Quantification of Cross-Bridge Cycling between the Different Physicochemical Conformations by Optical Means

Abstract

The transmitted light polarization is determined by sarcomere alignment, sarcomere length (SL) and cross-bridge (XB) distribution between the various physicochemical conformations. Aims: To quantify the changes in cardiac muscle optical properties during contraction and to differentiate between the effects of changes in SL and those of XB cycling. Methods: Thin trabeculae (n=6) were isolated from rat right ventricles.

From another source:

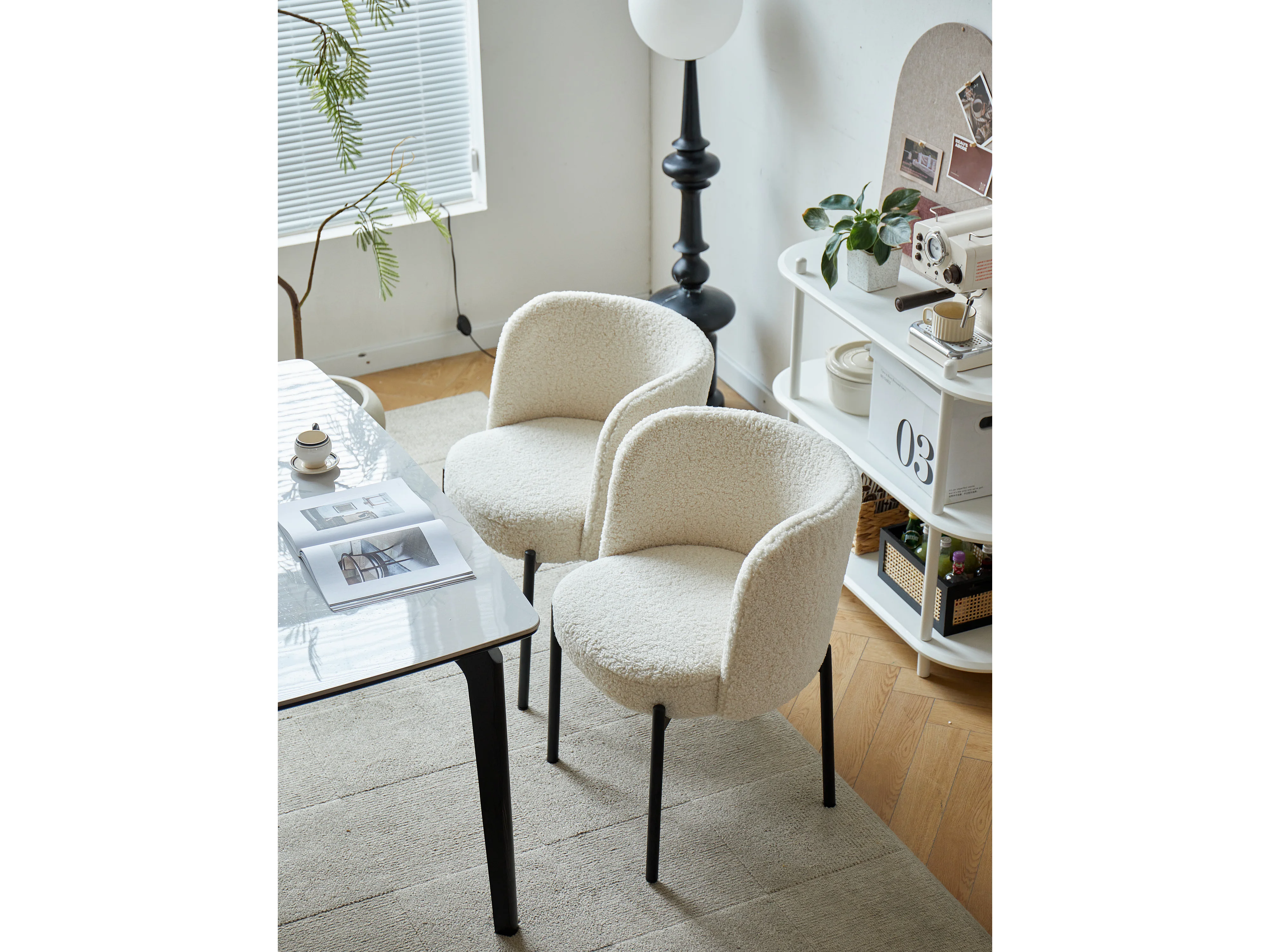 Lot de 2 chaises scandinaves en métal et bouclettes blanc

SL was measured by laser diffraction technique and controlled by a fast servomotor. The direction of the incident polarized HeNe laser light was set to 450 relative to the fiber axis. The changes in the transmitted light polarization were measured during rest, twitch contraction, sarcomere control isometric contractions (1.97µm), and at different calcium concentrations (0.75, 1.5, 4.5 [mM]). Results: The time to peak change in the transmitted light intensity preceded (50±10msec) the peak force (120msec), and the transition back to baseline intensity lagged behind force relaxation. There was a tight correlation between the rate of changes in the light intensity and the rate of force development. The degree of polarization decreased during force development, reaching a minimal value close to the peak force. These observations could not be attributed to changes in the SL since similar phenomena were observed during isometric sarcomere contractions, and the variations in the degree of polarization were even greater (13%) during sarcomere isomeric contractions. The role of the XBs was furtherer validated by imposing isometric contractions at the same SL but different force levels with different extra-cellular calcium concentrations. Significance: optical measurements provide additional information about XB dynamics that differ from the observed dynamics of force or stiffness measurements, and it can be used for quantifying cardiac muscle activation and XB cycling.